How can the FAQ threads be "stickied"? It appears we only have one stickied topic here to date.

Among the used-car discussion topics which are worth discussing are:

1. Competent, thorough inspection of a used car before purchase - how to find a good inspection service or mechanic.

2. How to verify that Seller has a valid title, and that there are no unknown liens or encumbrances.

3. How to verify a vehicle's title history, checking for red flags such as insurance claims history, altered or laundered registration and title.

4. How to evaluate used-car-price data sources including Edmunds, Kelley Blue Book, NADA Price Guides and other guides.

5. How to finance a used car purchase intelligently - WITHOUT getting "in the bucket" owing more than the vehicle's realistic fair-market disposal value.

6. How to make an informed decision between "BUYING NEW", "BUYING NEAR-NEW", and "BUYING USED".

7. Understanding the limitations of car manufacturers' "CERTIFIED PRE-OWNED" programs, and what they actually DO and DO NOT guarantee to the car buyer.

I hope to see some lively discussion on these topics. SN

Car buying and financing is one of the key discussion points here. What new questions do you have on this topic?

I'm particularly interested in your experiences with:

1. Negotiating the terms of automotive leases (down payment, mileage allowance, residual value);

2. Balloon-payment purchase loans (GMAC "SmartLease", DaimlerChrysler Premier Purchase Plan, et al.)

In the threadShould I buy a 98 Toyota Avalon w/salvaged title for $5000?, ptstudent asked:

<< This car has 68K miles and is in great condition but has a salvaged title.
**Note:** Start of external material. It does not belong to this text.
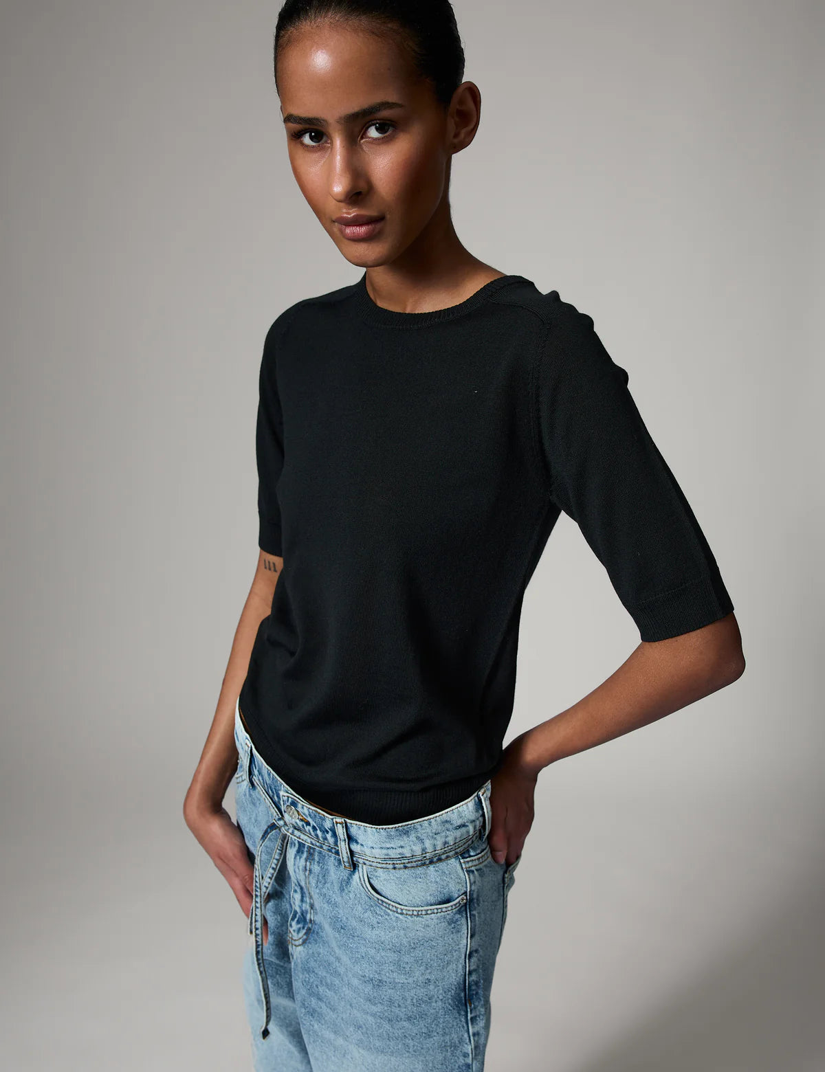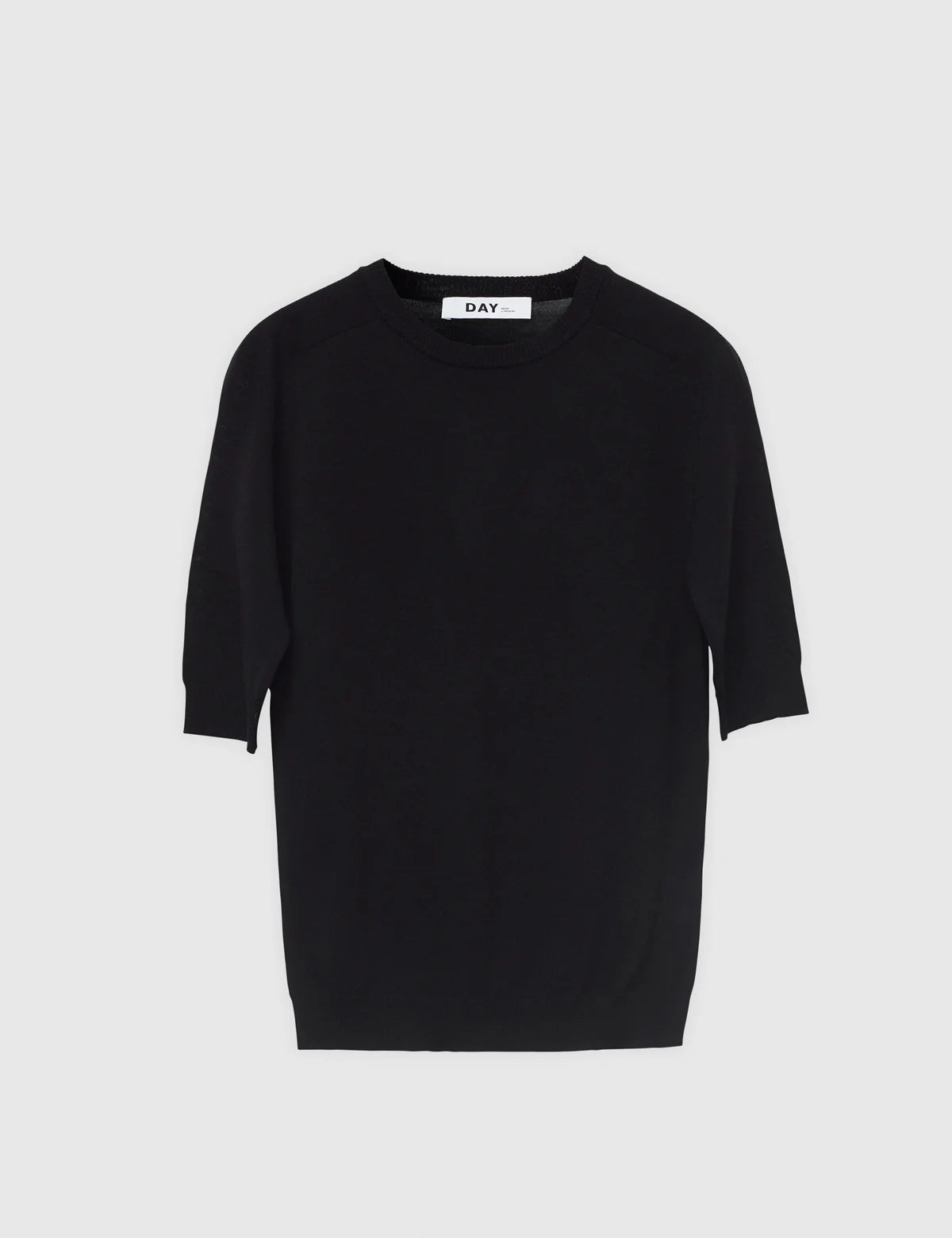 A thin knit pullover t-shirt with ribbing at the sleeves, hem, and neck. Wear with high-waisted trousers for a classic, professional ensemble.

With a clean title this car sells for 10 - 12K. I don't know very much about salvaged titles but I probably won't keep the car very long and am worried about trying to sell it later. Hope a new thread on this ok... thanks for the input in advance!! >>

IMHO you should only buy this car if you are plan to keep it for a long time - it will have very poor resale value.

Empty Wallet responded:

<< There is a reason why DMV gives a car a "salvage" title!! Everything looks and runs great but there is something terrible hidden inside..you just don't know because the body shop mechanic did a great job of covering them up! If you decide to buy this car, forget about being able to sell it..no one will buy it! >>

rvtips responded:

<< Buy it only if you plan to keep it forever,VERY hard to sell with salvaged title!! >>

pato observed:

<< Those online guides like Edmunds won't provide any appraisals on branded cars-you would likely need to get an independent appraisal. >>

crazytree wryly cautioned:

<< go ahead and buy it..and take the extra money and put it in the bank..when you get in an accident and the car crumples like a soda can..you can take the money you saved to buy a really nice electric wheelchair. >>

roamerr pointed out:

<< Only buy salvaged title if you know the reason and the person that did the repairs.Too risky otherwise. >>


Sexecutioner asked Can You Lease a Used Car?.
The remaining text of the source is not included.